[ABOUT THIS TASK] Write out the data again exactly, skipping every picture.

[MATERIAL SHOWN — start]

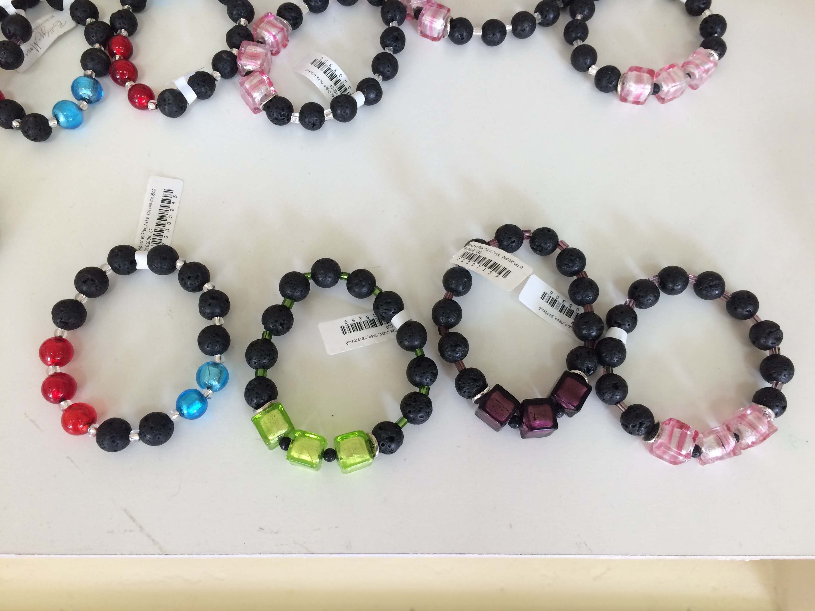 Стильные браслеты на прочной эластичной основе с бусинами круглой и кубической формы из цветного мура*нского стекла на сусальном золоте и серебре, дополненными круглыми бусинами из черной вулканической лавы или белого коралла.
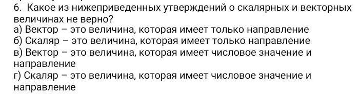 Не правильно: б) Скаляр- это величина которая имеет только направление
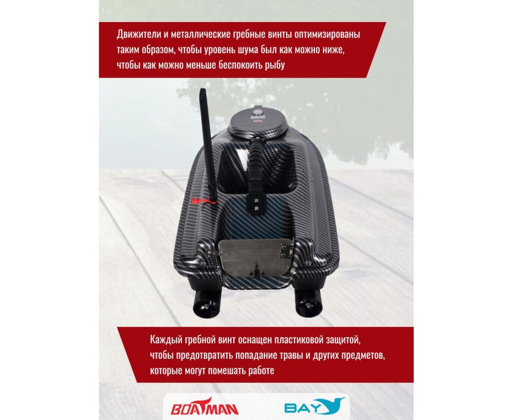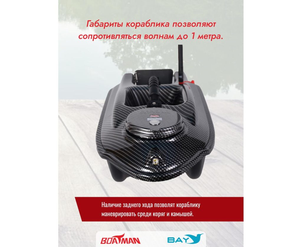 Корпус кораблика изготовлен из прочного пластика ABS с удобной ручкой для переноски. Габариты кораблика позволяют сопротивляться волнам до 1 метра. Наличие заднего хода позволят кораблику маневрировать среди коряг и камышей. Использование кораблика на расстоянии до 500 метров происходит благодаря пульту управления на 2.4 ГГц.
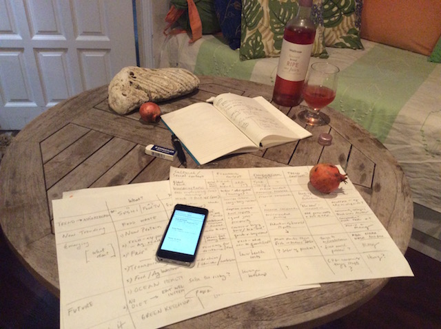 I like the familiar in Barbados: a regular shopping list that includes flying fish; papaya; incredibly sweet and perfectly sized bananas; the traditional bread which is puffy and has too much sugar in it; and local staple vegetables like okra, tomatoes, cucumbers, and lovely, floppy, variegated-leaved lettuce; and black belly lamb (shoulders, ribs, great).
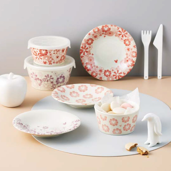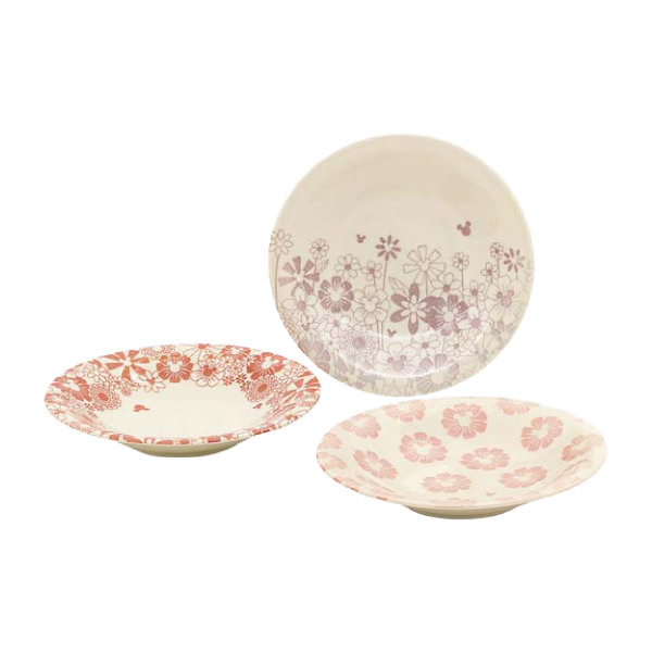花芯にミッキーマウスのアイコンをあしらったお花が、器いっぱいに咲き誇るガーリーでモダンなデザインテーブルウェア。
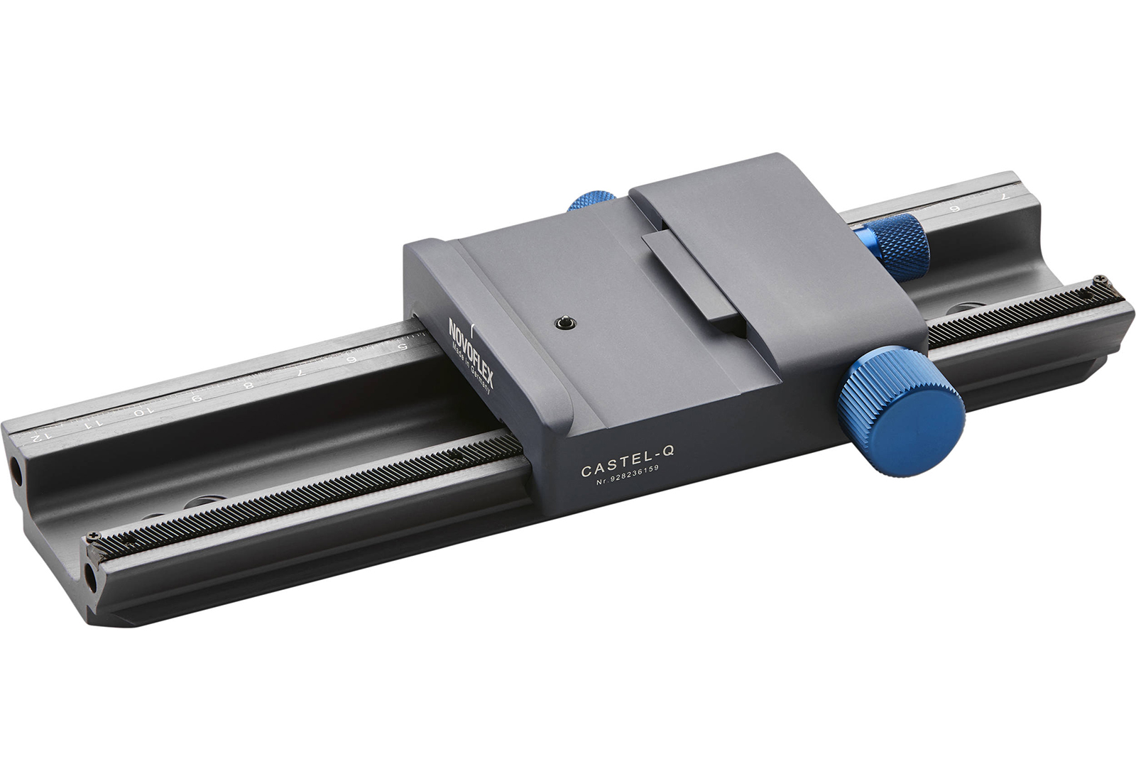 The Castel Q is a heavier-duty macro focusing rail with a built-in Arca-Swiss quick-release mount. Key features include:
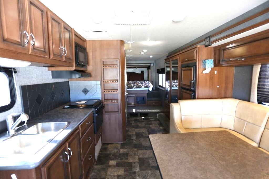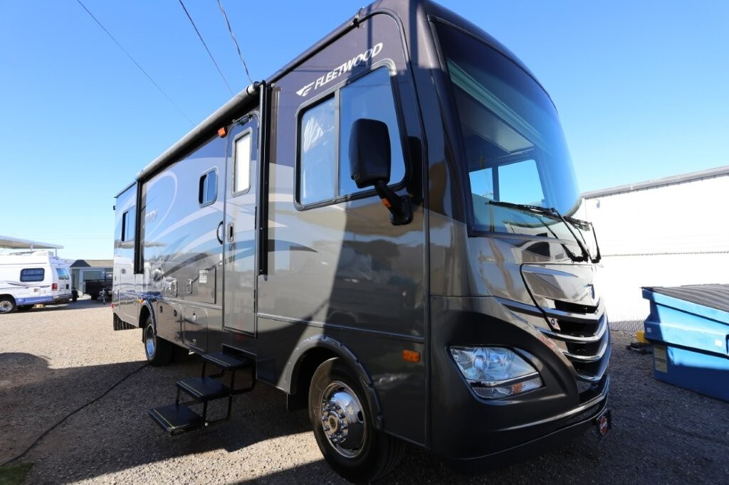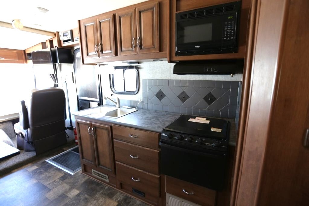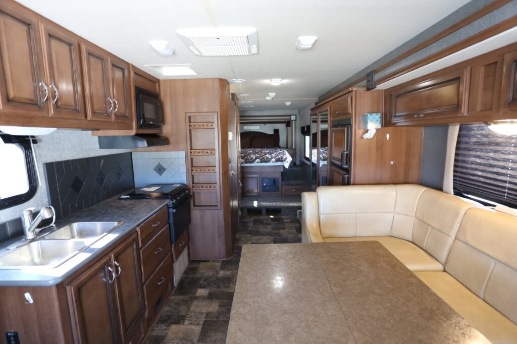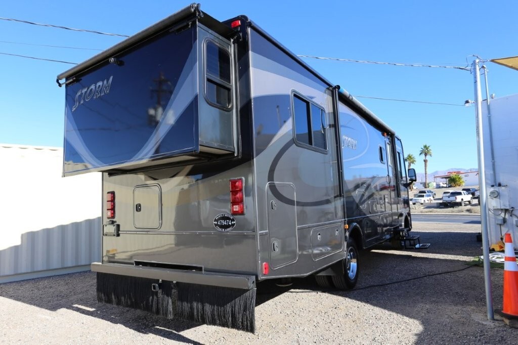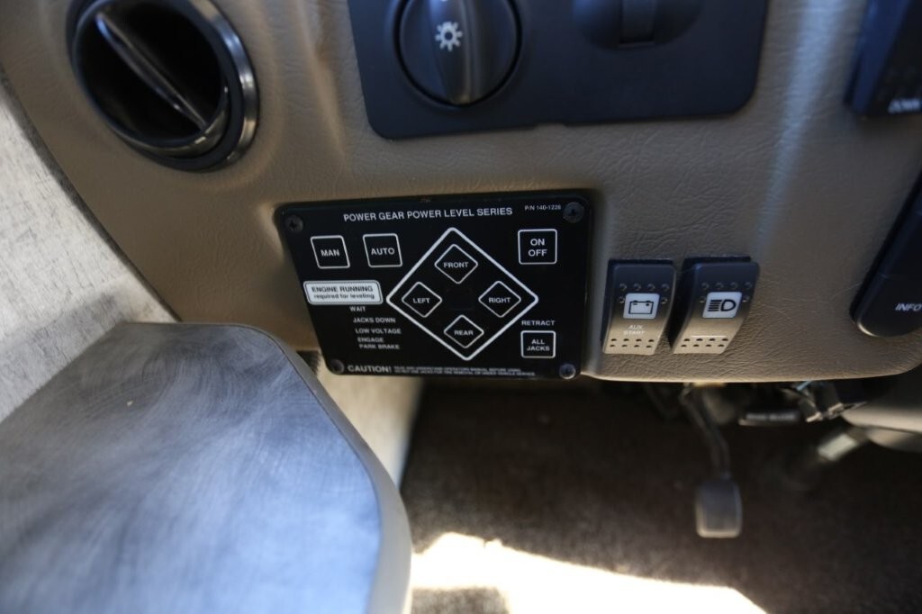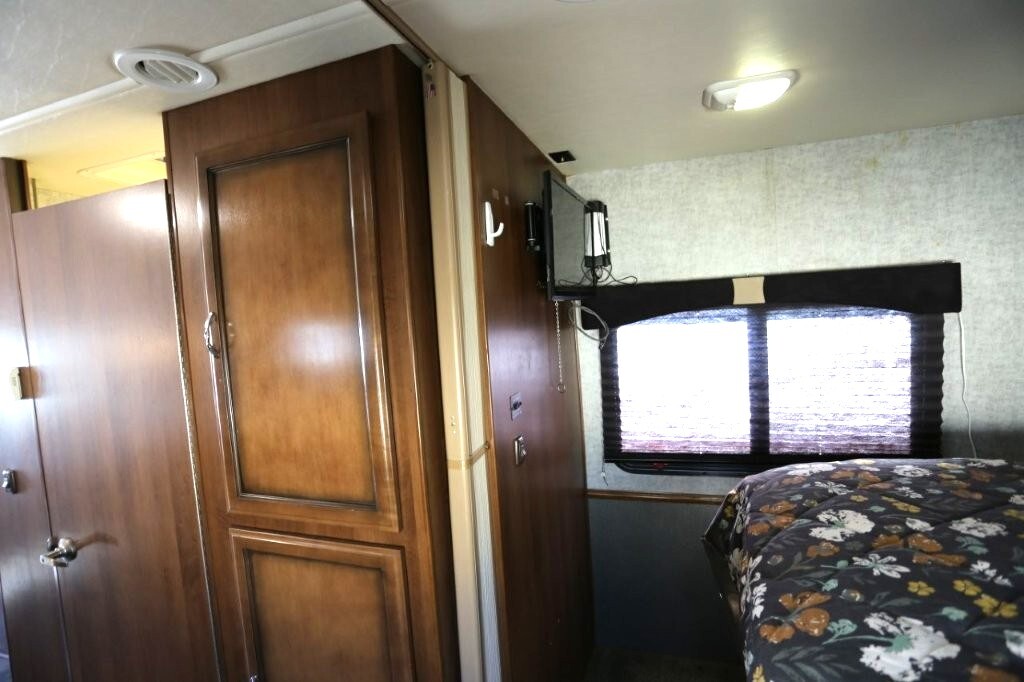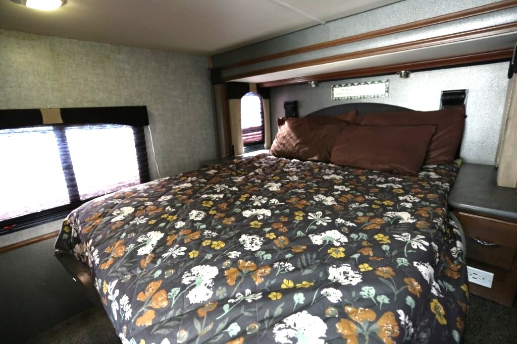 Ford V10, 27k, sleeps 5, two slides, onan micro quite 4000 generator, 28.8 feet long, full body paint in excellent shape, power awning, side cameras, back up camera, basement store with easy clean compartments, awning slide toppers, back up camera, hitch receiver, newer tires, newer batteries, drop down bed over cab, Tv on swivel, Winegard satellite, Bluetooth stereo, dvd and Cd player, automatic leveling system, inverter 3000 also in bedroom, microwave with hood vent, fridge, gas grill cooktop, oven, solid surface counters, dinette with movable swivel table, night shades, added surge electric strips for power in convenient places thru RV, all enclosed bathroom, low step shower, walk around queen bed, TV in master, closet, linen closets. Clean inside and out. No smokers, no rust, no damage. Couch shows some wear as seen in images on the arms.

[MATERIAL SHOWN — finish]

[OUTPUT BELOW]
 Стильные браслеты на прочной эластичной основе с бусинами круглой и кубической формы из цветного мура*нского стекла на сусальном золоте и серебре, дополненными круглыми бусинами из черной вулканической лавы или белого коралла.
 Не правильно: б) Скаляр- это величина которая имеет только направление
 Корпус кораблика изготовлен из прочного пластика ABS с удобной ручкой для переноски. Габариты кораблика позволяют сопротивляться волнам до 1 метра. Наличие заднего хода позволят кораблику маневрировать среди коряг и камышей. Использование кораблика на расстоянии до 500 метров происходит благодаря пульту управления на 2.4 ГГц.
 I like the familiar in Barbados: a regular shopping list that includes flying fish; papaya; incredibly sweet and perfectly sized bananas; the traditional bread which is puffy and has too much sugar in it; and local staple vegetables like okra, tomatoes, cucumbers, and lovely, floppy, variegated-leaved lettuce; and black belly lamb (shoulders, ribs, great).
花芯にミッキーマウスのアイコンをあしらったお花が、器いっぱいに咲き誇るガーリーでモダンなデザインテーブルウェア。
 The Castel Q is a heavier-duty macro focusing rail with a built-in Arca-Swiss quick-release mount. Key features include:
 Ford V10, 27k, sleeps 5, two slides, onan micro quite 4000 generator, 28.8 feet long, full body paint in excellent shape, power awning, side cameras, back up camera, basement store with easy clean compartments, awning slide toppers, back up camera, hitch receiver, newer tires, newer batteries, drop down bed over cab, Tv on swivel, Winegard satellite, Bluetooth stereo, dvd and Cd player, automatic leveling system, inverter 3000 also in bedroom, microwave with hood vent, fridge, gas grill cooktop, oven, solid surface counters, dinette with movable swivel table, night shades, added surge electric strips for power in convenient places thru RV, all enclosed bathroom, low step shower, walk around queen bed, TV in master, closet, linen closets. Clean inside and out. No smokers, no rust, no damage. Couch shows some wear as seen in images on the arms.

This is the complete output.